Using the Vol Control Tag to Adjust Playback Volume

The Vol control tag can be used to adjust the base line volume of the TTS playback. The value can range from 0 (the quietest) to 65535 (the loudest). The actual pitch hovers above and below the value set by Vol. Make the changes to the text shown in Listing 18.8 and press TextData to hear the results.


Listing 18.8. Testing the Vol control tag.
\Spd=150\ \Vol=30000\
I \Emp\told you never to go running in the street.

\pau=1000\ \Spd=75\ \Vol=65000\
Didn't you \Emp\hear me?

\Vol=15000\ \pau=2000\ \Spd=200\
You must listen to me when I tell you something \Emp\important.
\Spd=150\ \Vol\=65000

The Low-Level TTS Control Tags

There are seven low-level TTS control tags, which are used to handle TTS adjustments not normally seen by TTS users. Most of these control tags are meant to be used by people who are designing and training complex TTS engines and grammars.

Of the event low-level TTS control tags, only one is used frequently-the \Rst\ tag. This tag resets the control values to those that existed at the start of the current session.

The remaining control tags are summarized in Table 18.3.

Table 18.3. The low-level TTS control tags.
Control TagSyntax Description
Com\Com=string\ Use this tag to add comments to the text passed to the TTS engine. These comments will be ignored by the TTS engine.
Eng\Eng;[GUID]:command\ Use this tag to call an engine-specific command. This can be used to call special hardware-specific commands supported by third-party TTS engines.
Mrk\Mrk=number\ Use this tag to fire the BookMark event of the ITTSBufNotifySink. You can use this to signal such things as page turns or slide changes once the place in the text is reached.
Prn\Prn=text=IPA\ Use this tag to embed custom pronunciations of words using the International Phonetic Alphabet. This may not be supported by your engine.
Pro\Pro=number\ Use this tag to turn on and off the TTS prosody rules. Setting the Pro value to 1 turns the rules on; setting it to 0 turns the rules off.
Prt \Prt=string\ Use this tag to tell the engine what part of speech the current word is. Microsoft has defined these general categories:
Abbr (abbreviation)
N (noun)
Adj (adjective)
Ord (ordinal number)
Adv (adverb)
Prep (preposition)
Card (cardinal number)
Pron (pronoun)
Conj (conjunction)
Prop (proper noun)
Cont (contraction)
Punct (punctuation)
Det (determiner)
Quant (quantifier)
Interj (interjection)
V (verb)

Note
With the exception of the \Rst\ tag, none of the other tags produced noticeable results using the TTS engine that ships with Microsoft Voice. For this reason, there are no examples for these control tags.

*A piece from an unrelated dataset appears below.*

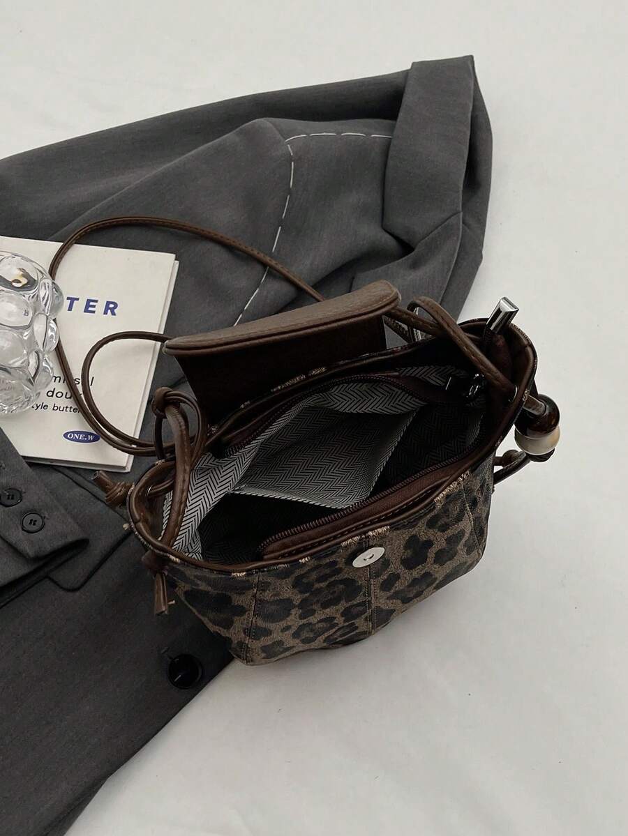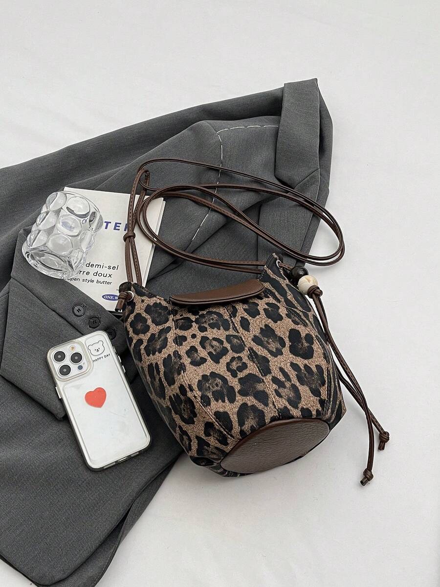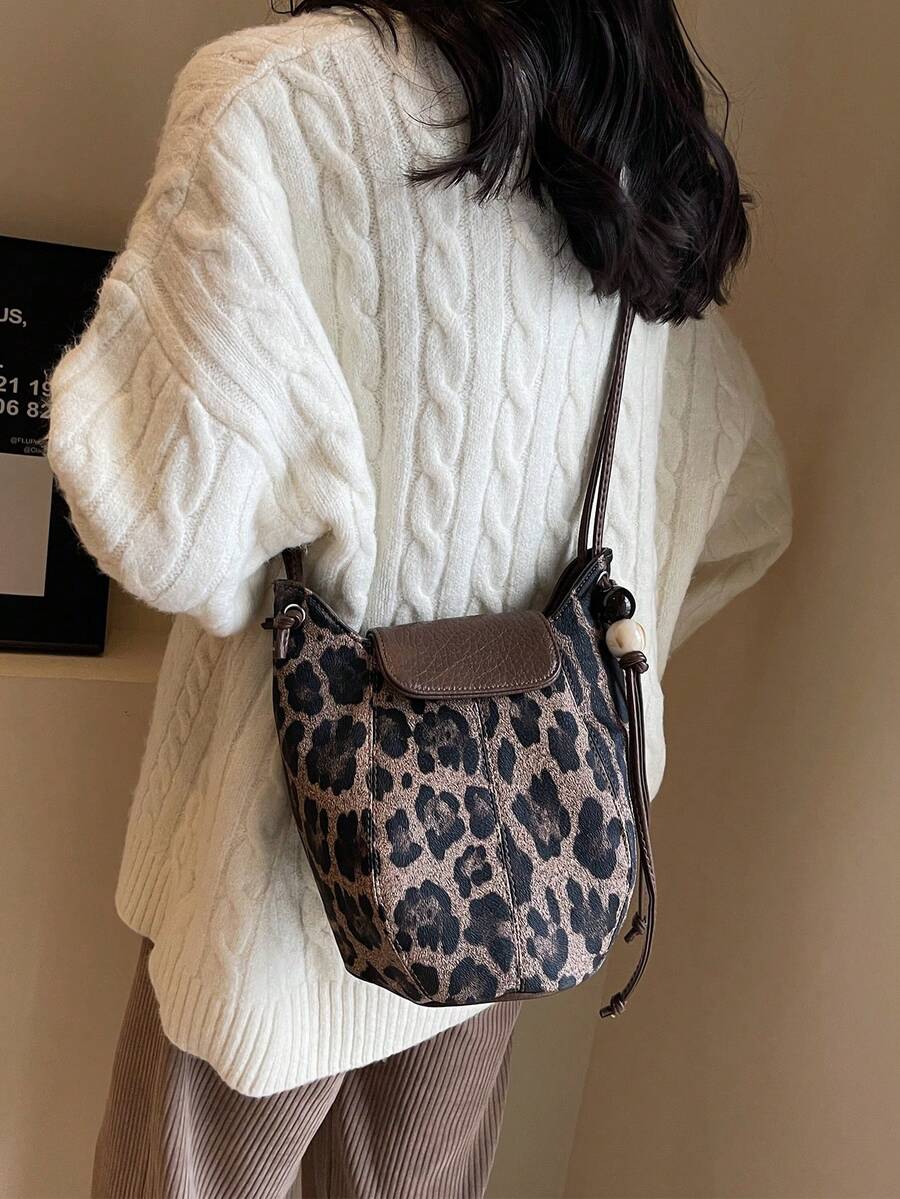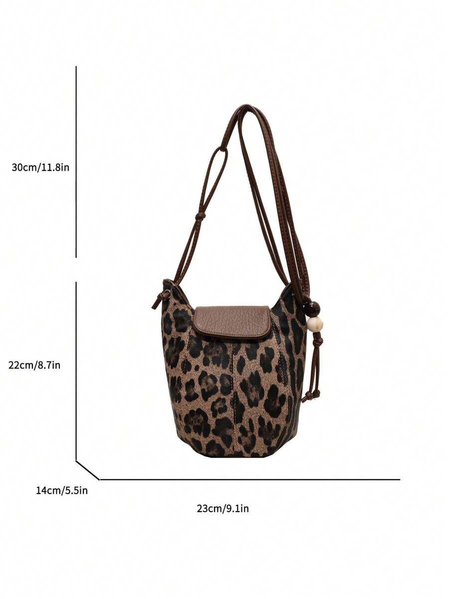 Grunge Punk Nuevo bolso de hombro, bandolera y tipo cubo casual y elegante con estampado de leopardo para mujer

Now that you know how to modify the way the TTS engine processes input, you are ready to learn how to use grammar rules to control the way SR engines behave.

Grammar Rules

The grammar of the SR engine controls how the SR engine interprets audio input. The grammar defines the objects for which the engine will listen and the rules used to analyze the objects. SR engines require that one or more grammars be loaded and activated before an engine can successfully interpret the audio stream.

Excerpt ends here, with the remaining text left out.